I just realized that in the example code in the question, I was not seeing the speed-up, because the data was being generated too fast. By inserting a time.sleep(2) this becomes evident.

class DummySequence(Sequence):
def __init__(self, x_set, y_set, batch_size):
    self.x, self.y = x_set, y_set
    self.batch_size = batch_size
def __len__(self):
    return int(np.ceil(len(self.x) / float(self.batch_size)))
def __getitem__(self, idx):        
    batch_x = self.x[idx * self.batch_size:(idx + 1) * self.batch_size]
    batch_y = self.y[idx * self.batch_size:(idx + 1) * self.batch_size]
    time.sleep(2)
    return np.array(batch_x), np.array(batch_y)

x = np.random.random((100, 3))
y = to_categorical(np.random.random(100) > .5).astype(int)

seq = DummySequence(x, y, 10)

model = Sequential()
model.add(Dense(32, input_dim=3))
model.add(Dense(2, activation='softmax'))
model.compile(optimizer='rmsprop',
              loss='categorical_crossentropy',
              metrics=['accuracy'])

print('single worker')
model.fit_generator(generator=seq, 
                    steps_per_epoch = 10,
                    epochs = 2, 
                    verbose=2,
                    workers=1)

print('achieves speed-up!')
model.fit_generator(generator=seq, 
                    steps_per_epoch = 10,
                    epochs = 2, 
                    verbose=2,
                    workers=4,
                    use_multiprocessing=False)

This produced on my laptop the following:

single worker
>>> model.fit_generator(generator=seq,
...                     steps_per_epoch = 10,
...                     epochs = 2,
...                     verbose=2,
...                     workers=1)
Epoch 1/2
 - 20s - loss: 0.6984 - acc: 0.5000
Epoch 2/2
 - 20s - loss: 0.6955 - acc: 0.5100

and

achieves speed-up!
>>> model.fit_generator(generator=seq,
...                     steps_per_epoch = 10,
...                     epochs = 2,
...                     verbose=2,
...                     workers=4,
...                     use_multiprocessing=False)
Epoch 1/2
 - 6s - loss: 0.6904 - acc: 0.5200
Epoch 2/2
 - 6s - loss: 0.6900 - acc: 0.5000

Important notes: You will probably want self.lock = threading.Lock() in __init___ and then with self.lock: in __getitem__. Try to do the absolute bare minimum required within the with self.lock:, as far as I understand it, that would be any reference to self.xxxx (multi-threading is prevent while the with self.lock: block is running).

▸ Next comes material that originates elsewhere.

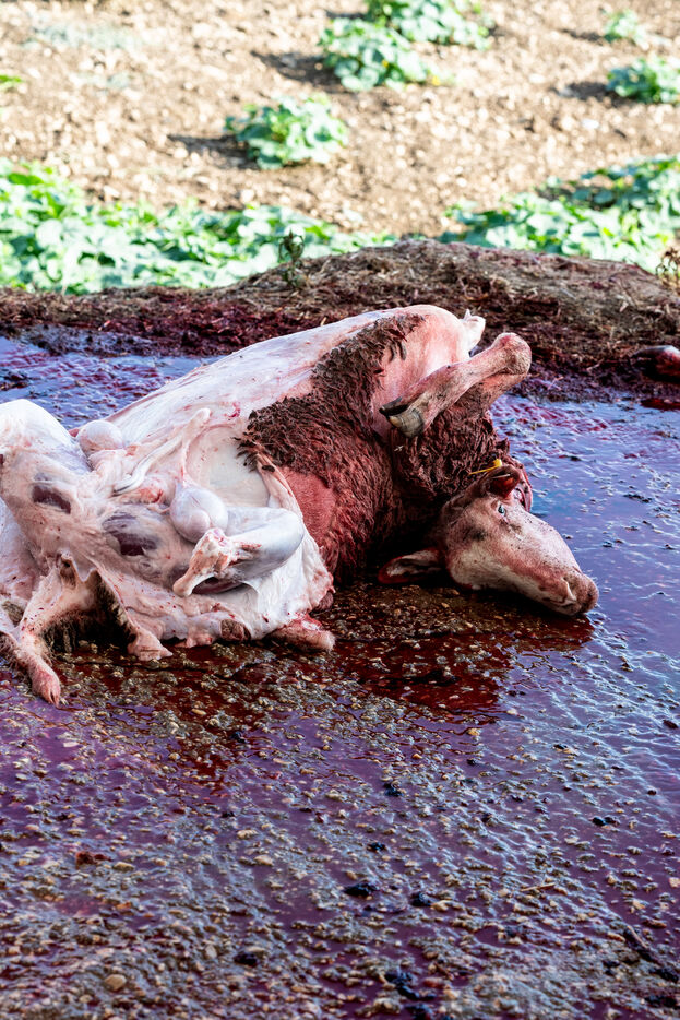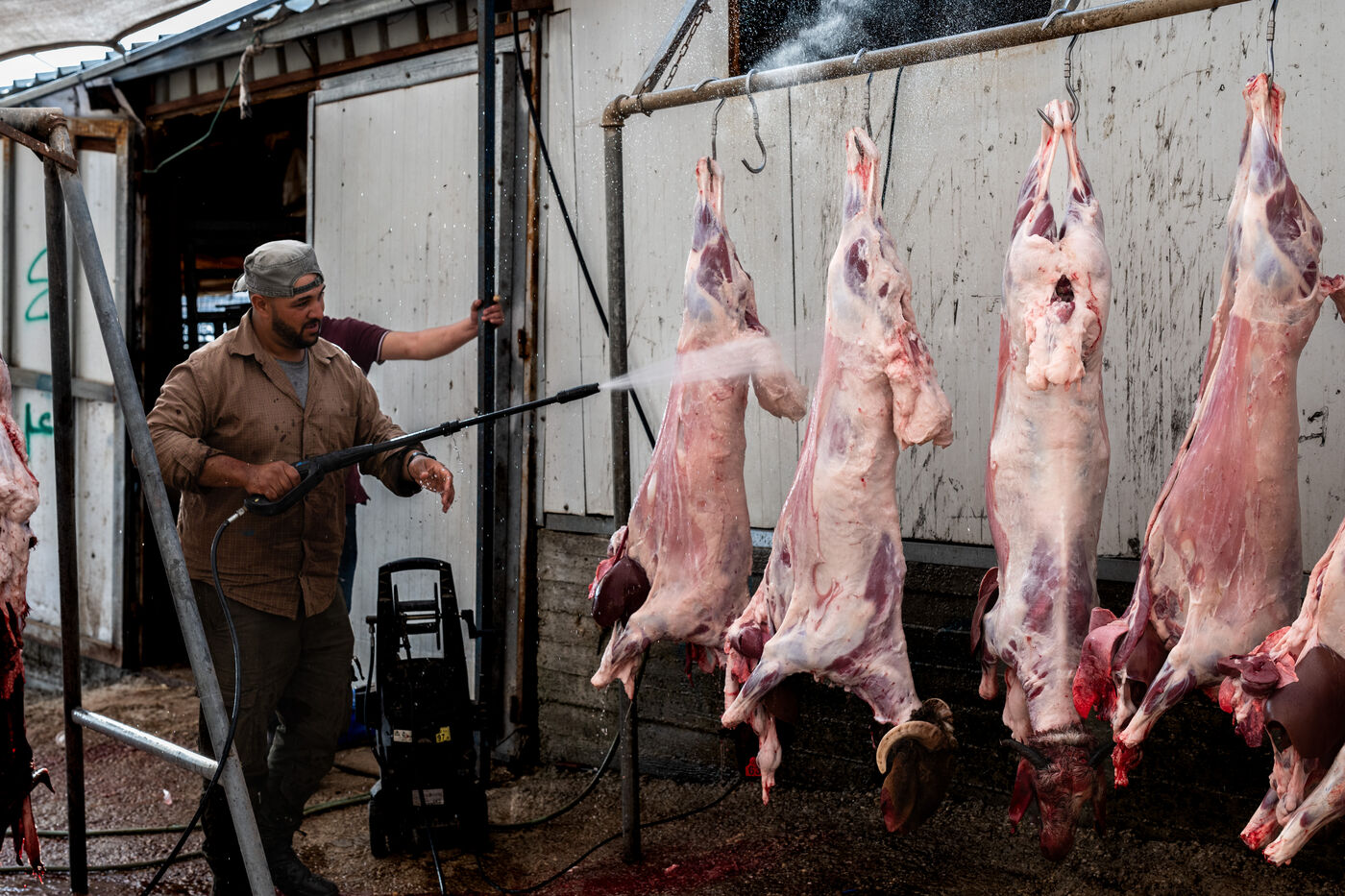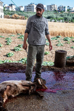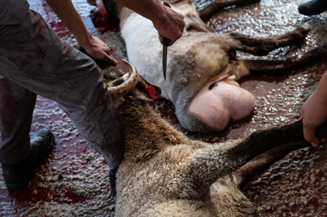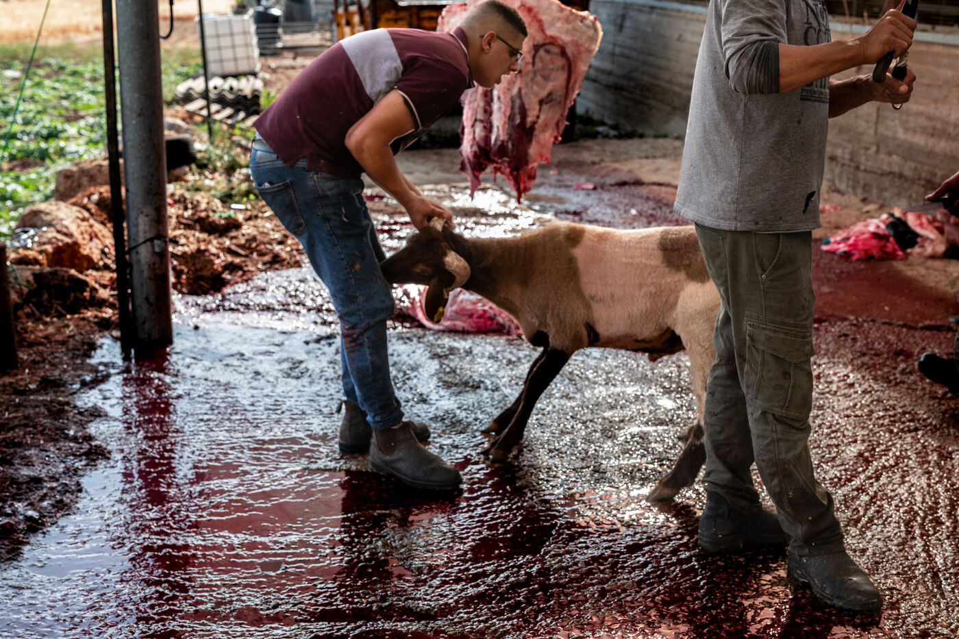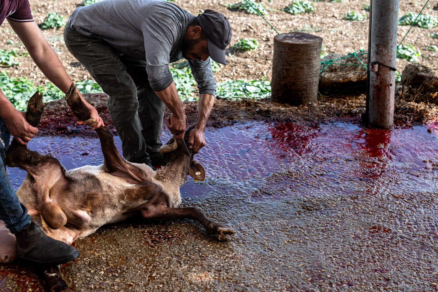Sheep owners who do not wish to perform the sacrifice themselves bring it to the farmer, Jadallah, who will have the slaughter performed while praying to God and ensuring that the sheep do not see the knife.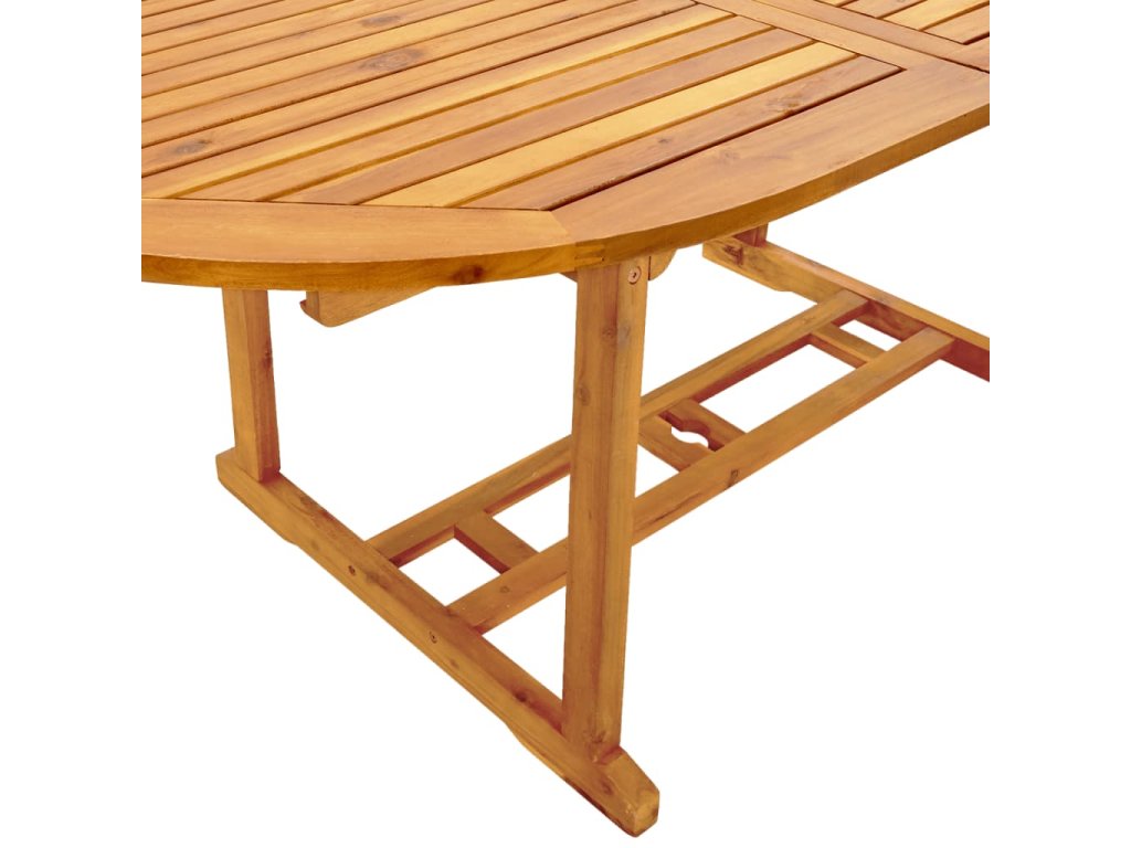 - Masivní akáciové dřevo: Venkovní jídelní set je vyrobený z masivního akáciového dřeva. Masivní akáciové dřevo je nádherný přírodní materiál. Akáciové dřevo je tropické tvrdé dřevo, které má hustou strukturu a je pevné a odolné.

Additionally, if you want multithreading to speed up calculations (i.e. CPU operations are the limit), do not expect any speed-up. The global-interpreter lock (GIL) will prevent that. Multithreading will only help you, if the limitation is in I/O operations. Apparently, to speed-up CPU computations we need true multiprocessing, which keras currently does not support on Windows 10. Perhaps it is possible to hand-craft a multi-processing generator (I have no idea).